On this point, a Christian assessment of the situation would be both in hearty agreement and also in vehement disagreement. Inasmuch as we believe that all human beings are truly made in the Image of God, it should not surprise us an iota whenever we glimpse reminders of the profound goodness of the human heart. At the same time, because we believe in the doctrine of original sin—the one doctrine, as Chesterton famously said, for which we have ample evidence—a robust Christian assessment of the idea that the human heart is inherently virtuous would also want to offer some very significant caveats.

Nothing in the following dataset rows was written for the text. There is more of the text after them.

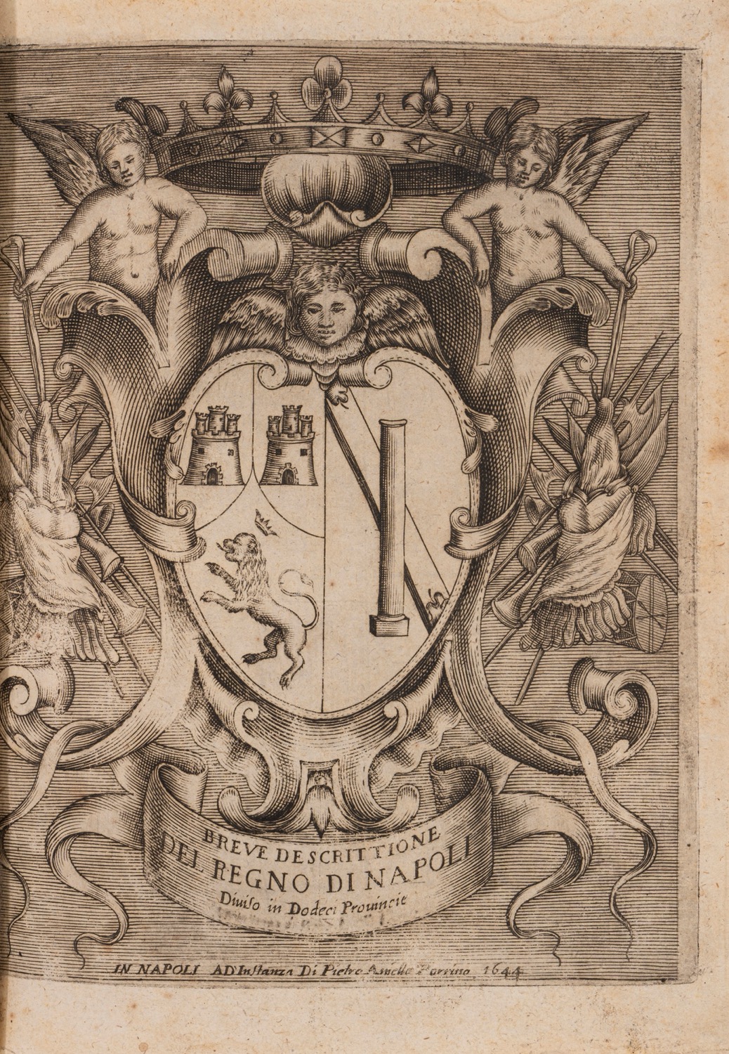 Napoli, per Ottaviano Beltrano (ad instanza di Pietro Aniello Parrino), 1644. In 4°. Elegante antiporta allegorica riccamente decorata, stemma al frontespizio, armi nobiliari nel testo, bruniture e fioriture, altrimenti ottimo esemplare, legatura in mezza pelle marrone e cartone spugnato rosa del sec.XVIII, tagli a spruzzo blu.Napoli, per Ottaviano Beltrano (ad instanza di Pietro Aniello Parrino), 1644. In 4°. Elegante antiporta allegorica riccamente decorata, stemma al frontespizio, armi nobiliari nel testo, bruniture e fioriture, altrimenti ottimo esemplare, legatura in mezza pelle marrone e cartone spugnato rosa del sec.XVIII, tagli a spruzzo blu.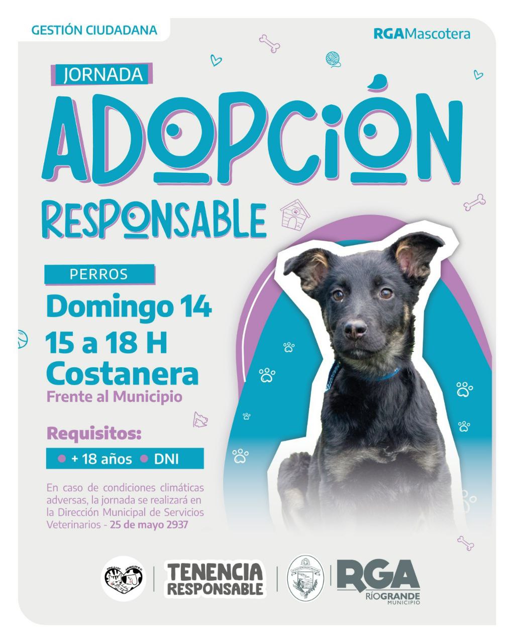 El Municipio de Río Grande, a través de la Secretaría de Gestión Ciudadana, invita a la comunidad a participar de una nueva Jornada de Adopción Responsable, que tendrá lugar este domingo 14 de diciembre, de 15 a 18 horas, en la Costanera, frente a la Casa de la Cultura.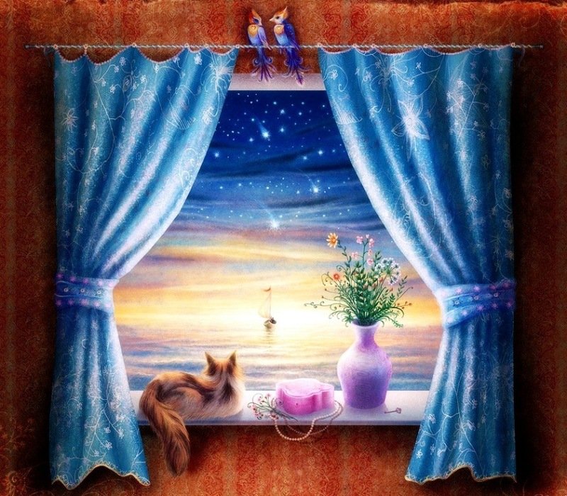 ![Кошка на окошке рисование]()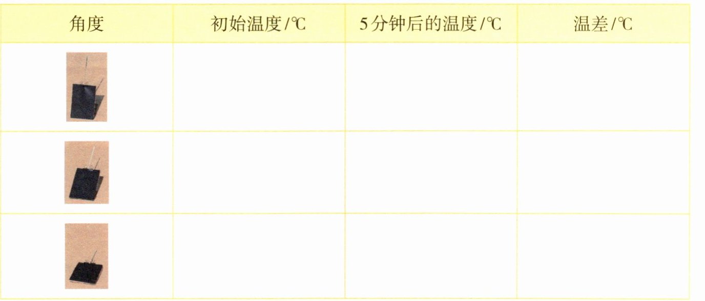 2. 将倾斜角度不同的黑色纸袋同时放在阳光下,记录温度计的读数。
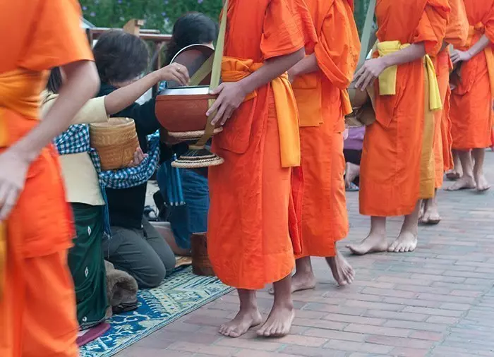 In de vroege ochtenduren bij het luiden van de tempelklokken, zult u getuige zijn van iets heel bijzonders in Luang Prabang. In de frisse ochtendlucht gaat een processie van meer dan 300 monniken elke ochtend in stilte door de straten om rijst en ander voedsel te verzamelen; aalmoezen die ze krijgen van de plaatselijke bevolking in hun karakteristieke bronzen kommen. Het ritueel is een traditie waarbij de monniken om voedsel vragen om hun nederigheid te tonen. Aalmoezen vragen is een belangrijke religieuze handeling in het boeddhisme en moet respectvol worden beantwoord door zowel de plaatselijke inwoners als de toeristen. Als u graag een aalmoes wilt geven, zal de gids u laten zien hoe u dit het beste kunt doen.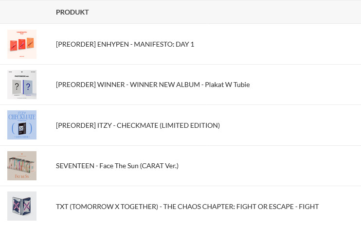 Będziecie chcieli jakiś unboxing? Mam zamiar zamówić 2 lub 3 albumy zależy na ile mi starczy ale raczej na dwa. Na pewno zamówię "Manifesto : day 1" od Enhypen i albo wezmę do tego "Ckeckmate" od Itziar w standard wersji (zamierzam oszczędzić trochę kasy bo mogłabym wtedy do tego kupić lomo karty Kai'a z EXO) albo zamiast tego "New Album" (YG ma bardzo kreativ nazwy albumów swoich zespołów, jak również np. "The Album") od kochanego WINNER.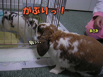 はるたんにいじめられて、あさみさんのところへ逃げ帰りました。
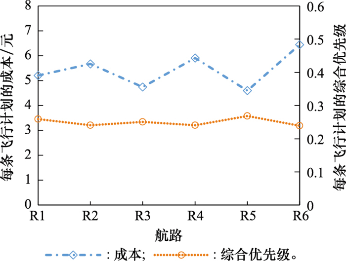 | 图4 每条飞行计划的成本和综合优先级变动 |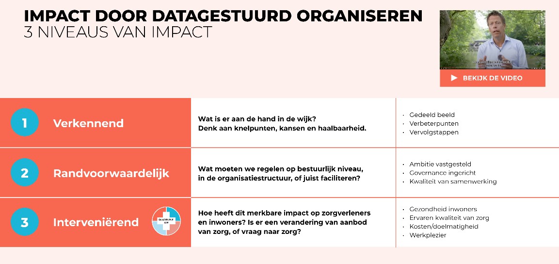 Achtereenvolgens beschrijven wij de drie niveaus van impact, gaan wij in op de doelen, samenhang en succesfactoren. Wij gaan hierna dieper in op de samenhang (3) en de succesfactoren (4) van datagestuurd organiseren.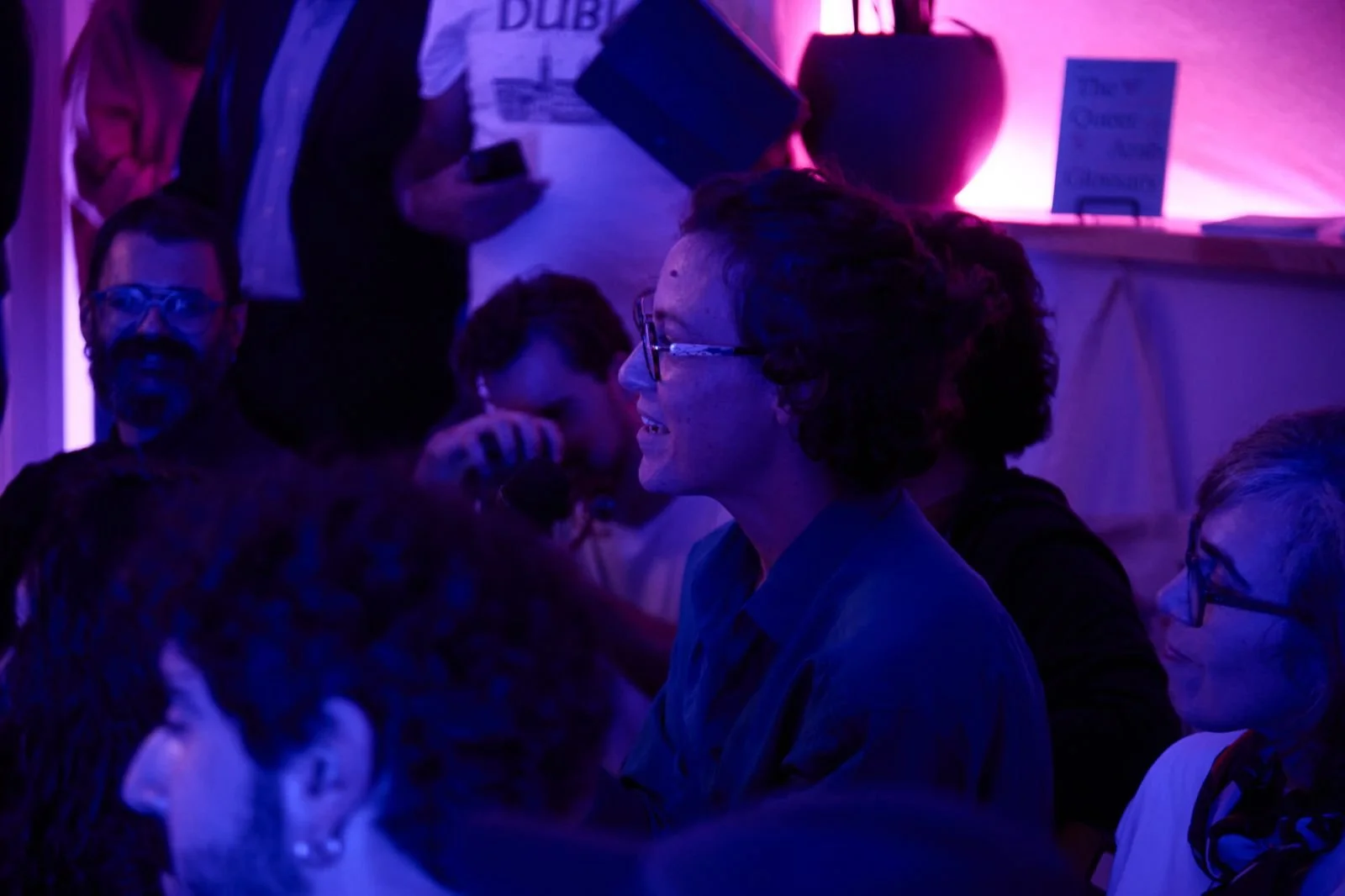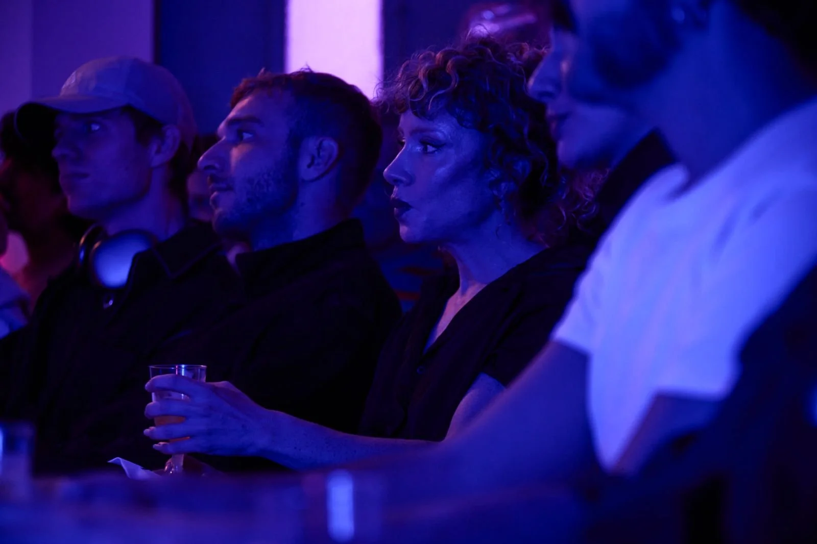 People seated in a dark, purple-lit room, with a woman with curly hair in the center holding a glass, attentively watching an event.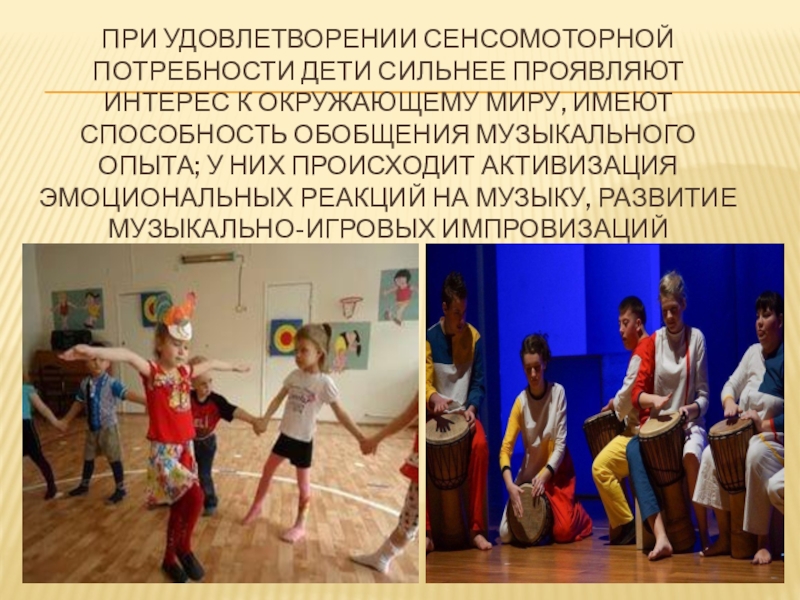 имеют способность обобщения музыкального опыта; у них происходит активизация эмоциональных реакций на музыку, развитие музыкально-игровых импровизаций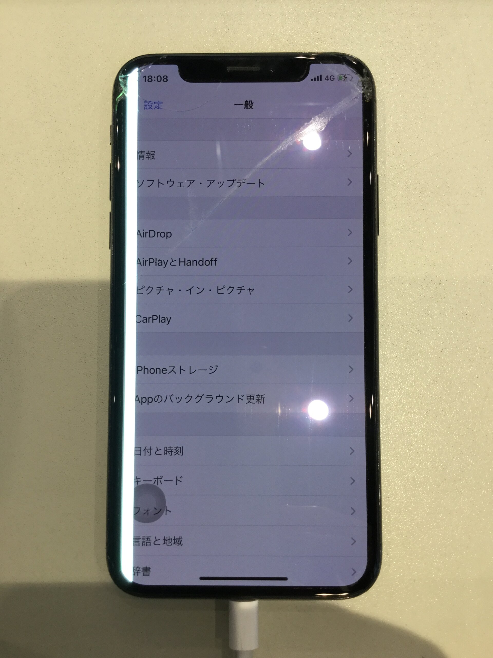 iPhoneXの画面割れに加えて白い線が出ていると修理を承りました。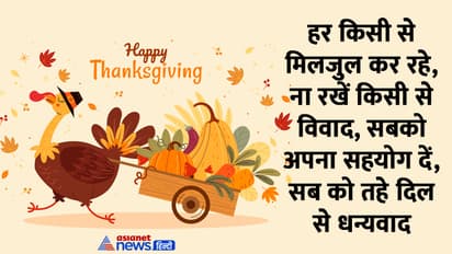 Happy Thanksgiving day: हर साल नवंबर के चौथे गुरुवार को अमेरिका समेत दुनिया भर के कई देशों में थैंक्सगिविंग डे मनाया जाता है। इस दिन लोग एक दूसरे का शुक्रिया अदा करते हैं और आने वाले साल के लिए दुआ करते हैं। आप इन विशेज से सभी को थैंक्स कह सकते हैं

Yes, there is profound goodness woven into the fibre of the human soul, but let’s not forget how that same soul is curved in on itself. Short of a divine intervention, the highest virtues—especially faith, and hope, and love—can only, at best, be parodied, but never fully realized.

Perhaps it is too much to expect too theological an analysis of virtue in the films of a highly popular, widely beloved Hollywood actor, but for my part, the thing that makes Tom Hanks so compelling to watch on screen is the same thing that makes him so frustrating: his apparently naïve belief in a humanist vision of our inherent goodness. While I share the vision, I think, I find myself regularly wanting to ask him what he thinks it takes to realize it.